Most of all, do it at your own pace. There’s so much to see, but you won’t see it all. Throw your coin in the Trevi Fountain and ensure that you’ll come back.

Comments on Prego! Traveling alone through Rome and Florence, Italy

  1. I just have to say I LOVE THIS POST. And I think you are one brave ass mofo for traveling on your own. I can barely go to lunch by myself. FUCK YEAH, girl!!!

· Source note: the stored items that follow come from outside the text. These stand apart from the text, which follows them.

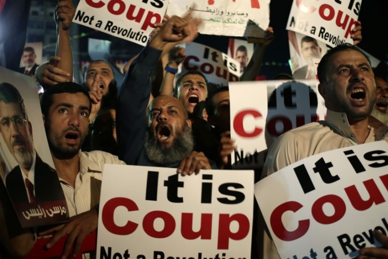 In July of the previous year, el-Sisi seized power from elected President Mohamed Morsi, a member of the Muslim Brotherhood. His actions had nothing to do with a military takeover, el-Sisi claimed. Scores of secular Egyptian commentators confirmed his version, and a green laser beam echoed them from the facade of a government building overlooking a crowded Tahrir Square: “it is not a Coup”.
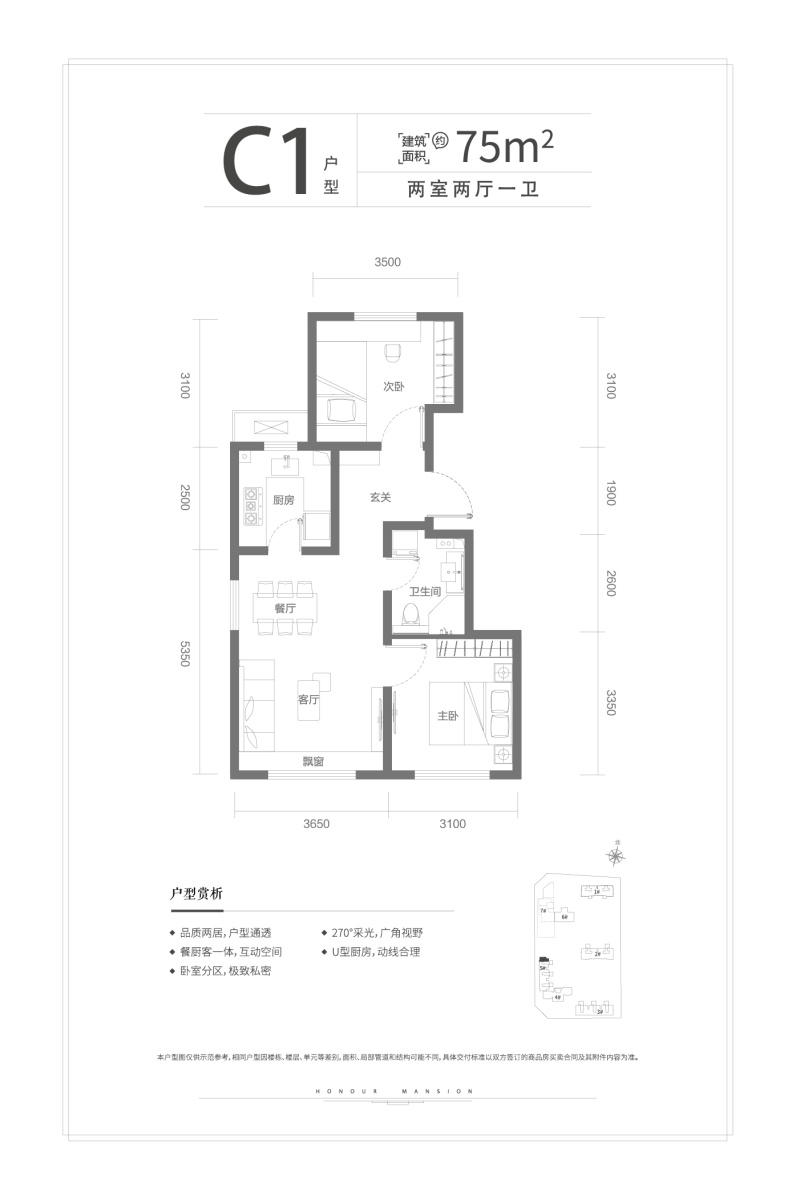 品质两居、U型厨房、餐客一体、270°采光
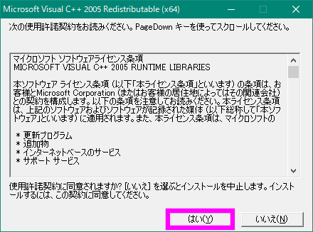 これで「Microsoft Visual C ++ 2005再頒布可能パッケージ」がインストールされました。
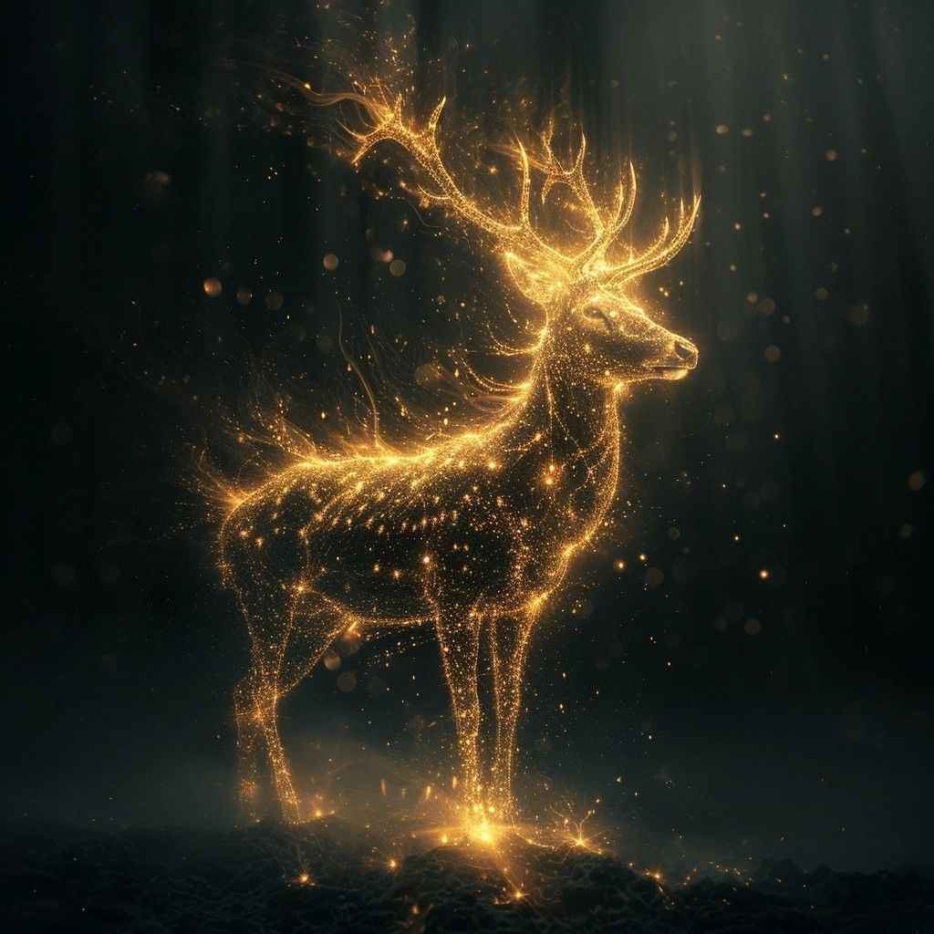 The intelligent eyes of the cavalyn stallion tied to the wagon focused on her, and she placed one finger against her lips. The beast shifted, and the glow of his iridescent hooves lingered in the moss for a heartbeat before fading, as if the ground needed a moment to forget it had been touched. His silver coat glittered like moonlit frost and prisms of violet light refracted through the curve of his crystalline antlers.
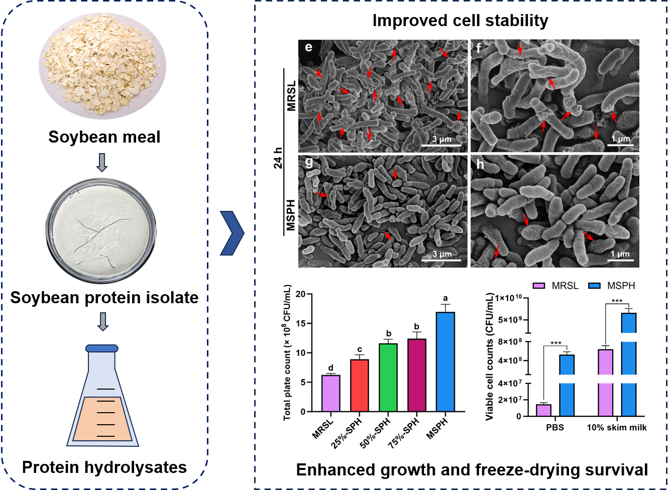 The study proposed a strategy using soybean protein hydrolysate (SPH) as the sole nitrogen source for promoting the proliferation and freeze-drying survival of Bifidobacterium breve and Bifidobacterium longum strains. High proportions of SPH replacing traditional nitrogen sources in MRSL significantly enhanced bacterial viable cell counts and OD600 values. The small peptides (<3 kDa) and hydrophilic amino acid residues in SPH are considered to be the key factors for promoting bacterial growth. The exclusive use of SPH (100%-SPH) as the nitrogen source induced a morphological change in B. breve 1206 with the Y-shape transformation into smaller rod-shaped cells, while B. longum 070103 and 050101 became shorter rods. Cells with these morphological changes could more effectively maintain cell membrane integrity in an acidic condition and during the freeze-drying process. Consequently, MSPH improved cell viability and freeze-drying survival for B. breve 1206 in PBS and 10% skim milk compared to MRSL. It also significantly increased viable cell counts and the ability to survive freeze-drying for functional B. longum strains 070103 and 050101 in 10% skim milk, with survival rates increasing by 16.2% and 43.1%, respectively. These results showed the applicability of SPH in the industrial-scale cultivation of functional Bifidobacterium strains. It also provides new insights into soybean-derived nitrogen sources that can affect amino acid composition and bacterial morphology to enhance probiotic stability. This study supported the application of soybean peptides as the sole nitrogen source for producing high-viability probiotics and the potential prebiotic with health benefits.
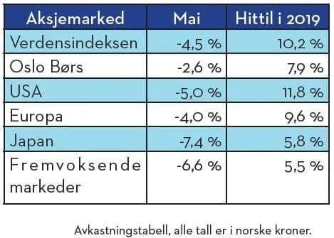 Etter fire strake måneder med sterk oppgang i aksjemarkedene, fikk vi et solid fall i markedene i mai. «Sell in May and stay away» ser fortsatt ut til å gjelde så langt. Den utløsende faktor var at markedets forventning om at en handelsavtale mellom Kina og USA var i ferd med å komme på plass, ble grundig torpedert. Retorikken fra begge parter har hardnet betydelig gjennom mai og frykten i markedet er økende om at konflikten kan både bli verre og mer langvarig. Skjer dette, er sannsynligheten for lavere global vekst og svakere utvikling i aksjemarkedene betydelig.
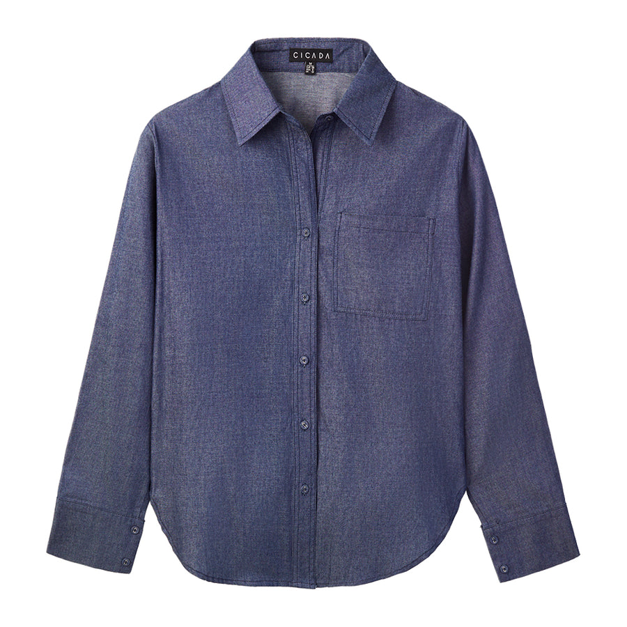 This light blue denim shirt combines a soft fabric with expert tailoring for lasting comfort and style. Featuring a classic collar and front button closure, it offers a polished look suitable for various occasions. The front pocket adds practical detail, while the long sleeves provide versatile wearability. This shirt balances timeless design with modern comfort.
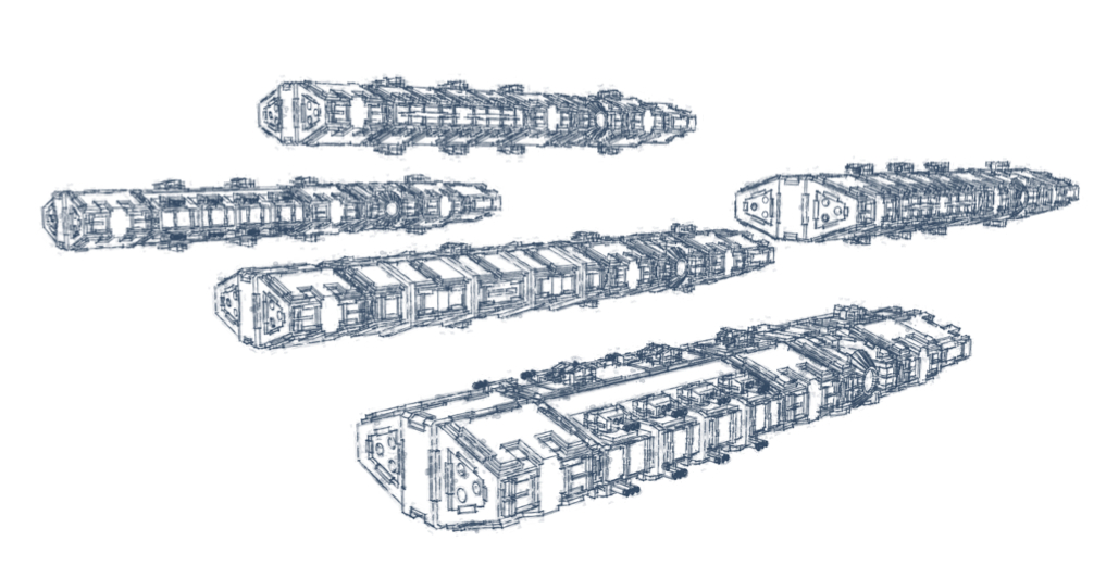 maybe a battleship in the style of the kharak mothership with module slots in the side? Now that i think of it. Weapon moduls that can be placed in every ship type(biggest warship to smaller frigates) would be awesome.
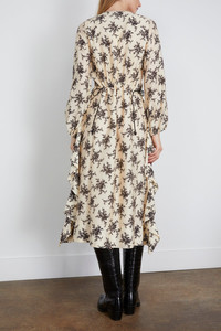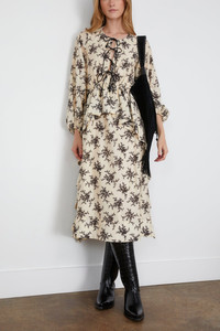 Joan tie-detailed ruffled floral-print voile midi dress Cream

    • THANK YOU! I’m actually typing this while I sit in a restaurant by myself… I never did that before I ran away by myself. It forced me to have that kind of confidence. 😉

      • This is great. Solo travel is what it’s ALL ABOUT. I pretty much plan all my trips for just me, even though I’m married and have great friends who travel. The whole point, imo is to spend time reflecting, experiencing the world, growing, and enjoying things at your own pace, without being on an enforced agenda or dealing with other people’s wants and needs (we have enough of that in our day-to-day, typically – I know I do). Even the best of friends can interfere with making the most out of your personal adventure. Go!
        (Love your photos too. Booking on a whim was a great idea.)

  2. Nice! I went to London on my own last year, and I loooooove travelling alone. Hostels let you be as sociable as you feel like, and you’re never stuck going along with a plan you don’t feel like doing.

    • So true! I love Air BnB but hostels have a really special place in my heart now. Some of course are better than others, but I met wonderful people at every place I stayed – and when I wanted to be alone, I could. The best way to travel, I think.

      In fact – at the last hostel I stayed in, one of my roommates actually lives 1 hour away from me. And we’re not in a metropolitan area, so this is a BFD. We joke that we had to travel 3000 miles across the world to find our soul sister. <3

  3. This looks amazing! Thank you for sharing Amy! I used to travel for work and would explore on my own a bit, but nothing like a true solo vacation. This makes me want to do it.

    • There really is nothing like it. I’d love to travel more for work so I could have an excuse to stay a little longer! 🙂 One of the people I met travels for months on ends, and stays in hostels on the weekends because he gets to meet more people and experience the city more. I think that’s a great idea!

  4. Ok so fun history nerd fact about the Torre Argentina Cat Sanctuary, it’s also the location where Julius Caesar was killed. It was being used as a temporary location for the Roman Senate while they were doing construction at the main senate building.

    I’ve always been hesitant to travel alone abroad, but maybe in the future it’s something that I’ll try. It looks like you had a great time!

    • Oh! I forgot to mention that! How cool is it that the cats get to run around in history like that?! It’s kind of funny because there are some tourists there to see where Julius Caeser was killed, and they won’t even know the cats are there… and there are some that are there to see the cats and don’t know the historical side of it. Rome is full of stuff like that!

      It really was the best time of my life – try it! If you feel unsafe, just remember that you “travel” through your regular city all the time. It’s the same thing! I felt much safer in Rome than I do in my everyday life.

  5. I want to mention something about that pizza (which was delicious, by the way) … that was part of my cooking class in Florence, and we made everything from absolute scratch. They only had enough dough to have everyone pair up into couples. Well I was literally the only one that wasn’t already a couple and the odd-man out. It was the first time I felt a little uncomfortable being by myself (and I was about 8 days in at this point!) … but then Matteo gave me the dough to start rolling out and helped me toss it in the air (Matteo is the chef in the …6th photo?… HELLO, okay, please help me) – and I made that whole pizza by myself. And then ate it. BY MYSELF. Because it’s rude to not finish your pizza. And it was damn delicious.